Original language: English
Original title: Killing Pablo.
Translation: Sandra Lafuente
Year of publication: 2001.
Valuation: highly recommended

Perhaps the reading of Kill Pablo, two decades after its publication, was mediated by the progressive rise of mythology around him, which I will not deny. Narcos, excellent and famous series, has finished giving the push.

Although you have to avoid that kind of thing. Pablo Escobar ordered the deaths of innocent people because they were family members or friendss of those who persecuted him.
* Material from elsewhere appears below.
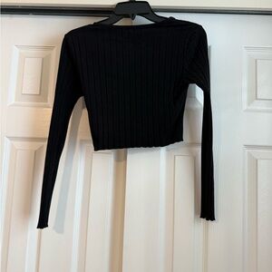 Elevate your style with this chic black ribbed button-up cardigan. Perfect for layering, this versatile piece adds a touch of elegance to any outfit.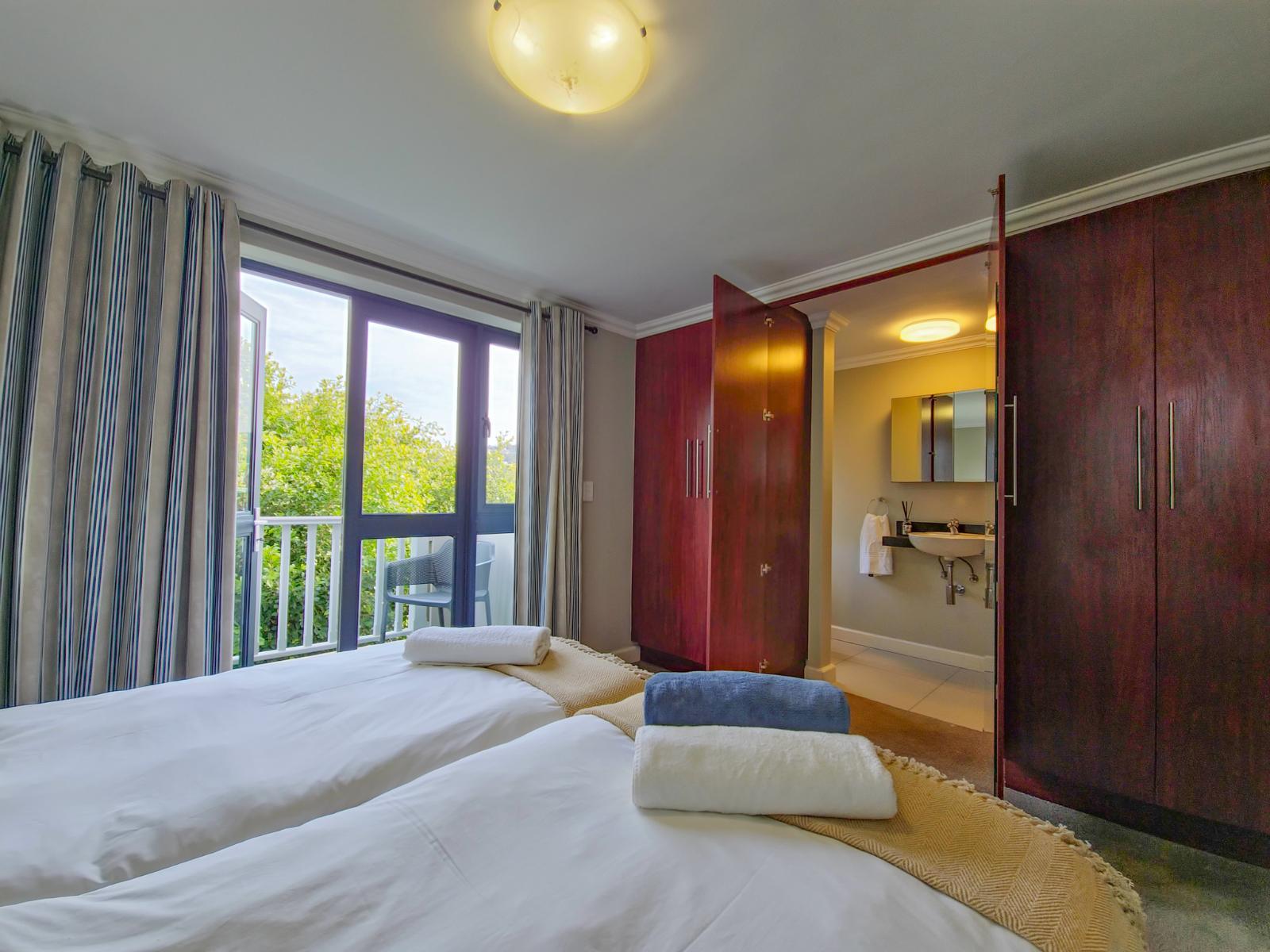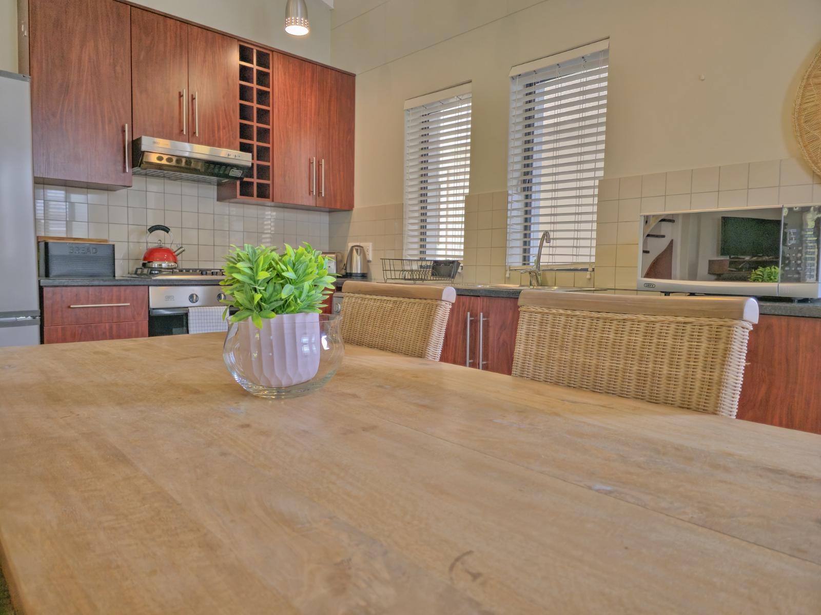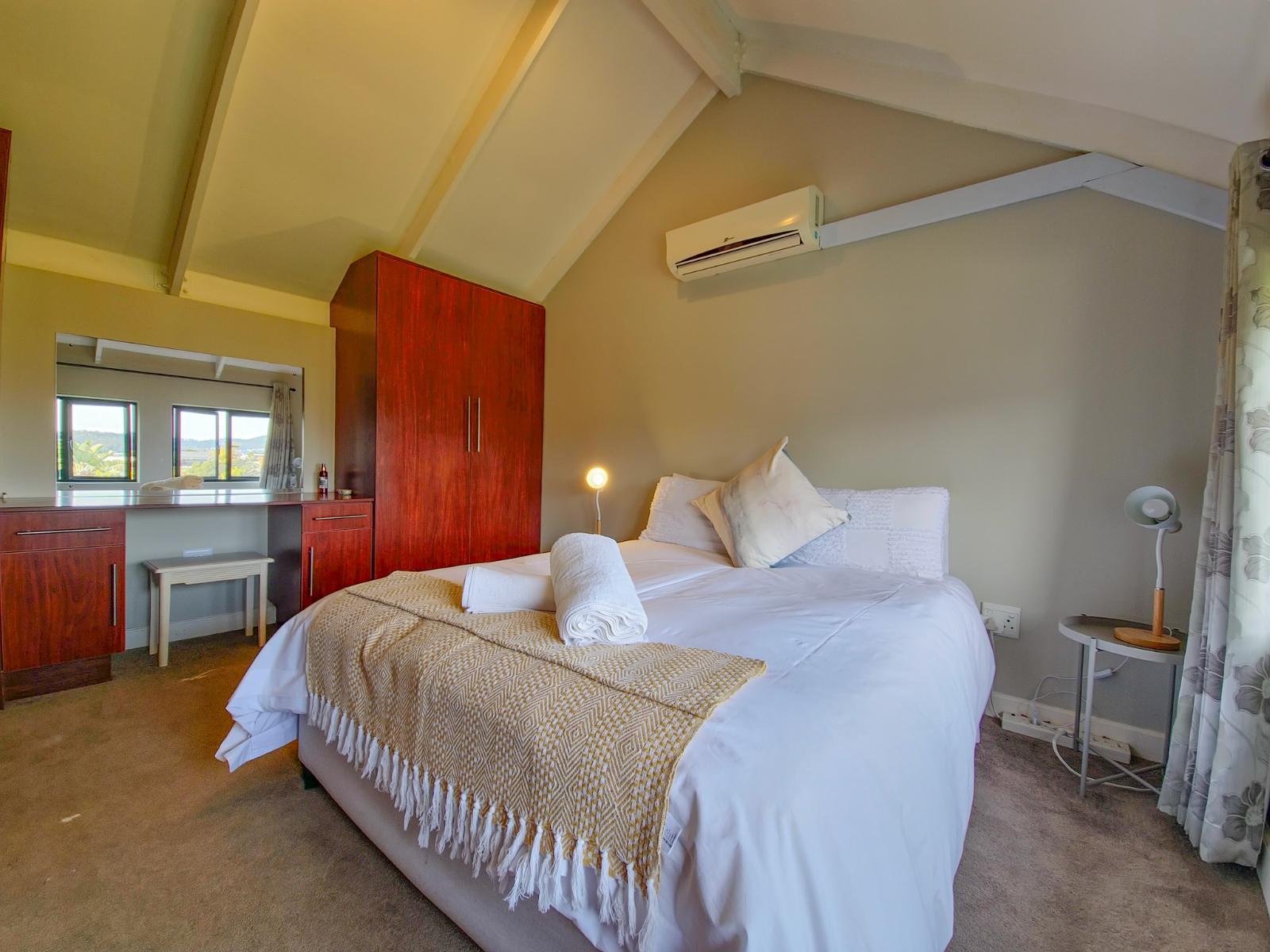 Perfectly positioned just one block from the Knysna Waterfront and within easy walking distance of the town centre, this stylish duplex apartment offers both convenience and comfort. Whether you're here for a relaxing escape or an active holiday, the location is unbeatable—close to boutique shops, top-rated restaurants, and popular attractions, with everything you need right on your doorstep. Located on the second floor of a secure, access-controlled building, the apartment is set over two levels and features two well-appointed bedrooms, each with its own en-suite bathroom. The upstairs bedroom is air-conditioned, and the second bedroom offers a charming balcony. The open-plan living area is tastefully furnished, and the well-equipped kitchen includes all the essentials for a self-catering stay. Unlimited Wi-Fi is available throughout the apartment, and guests have access to a Smart TV with a Netflix profile. DStv can be activated on request for a small additional fee. A small inverter ensures that the Wi-Fi remains active during loadshedding and allows guests to charge phones and devices without interruption. The apartment also includes a small safety box for peace of mind, and one undercover parking bay is provided behind a secure gate. With its unbeatable location, thoughtful amenities, and warm, inviting interiors, this Knysna apartment is ideal for families, friends, or couples looking to explore the Garden Route in style and comfort.

He did not care that they were public officials carrying out the work that his profession demanded of them, politicians who wanted to unseat him from his immense power, competitors in their business or normal people who did not accept what was so famous for one of the expressions through which it also passed down to posterity: silver or lead.

So I’m sorry to disappoint those who think they’ll find a story of pity and veiled veneration here, because Bowden is, above all, a journalist, and this is a brilliant chronicle of the ascension. and fall of the head of a criminal organization who at the peak of his success wanted to become a kind of Robin Hood by buying wills and adopting a very convenient aura of dissident against the power. That spiral also implied that his flight forward had no option of return.

Kill Pablo It only has against it that all these events are part of contemporary culture and that its figure has become trivialized, with which for those interested there remains, which is not a little, that crescendo, that dosage of history that acquires a tone epic as he acquires power, fortune, relevance, as he embarks on feverish adventures of political representation, in crazy battles with the powers not only of his nation but of the United States, with which he becomes a common enemy that The miracle of strange alliances between those who no longer want to capture or persecute him but destroy him works. Bowden builds this progression magnificently and I can only praise that, even knowing (who doesn’t?) how everything is going to end, the book maintains the suspense, the attention, as few can achieve, so that once again we find what which is basically another work of investigative journalism that transcends genres.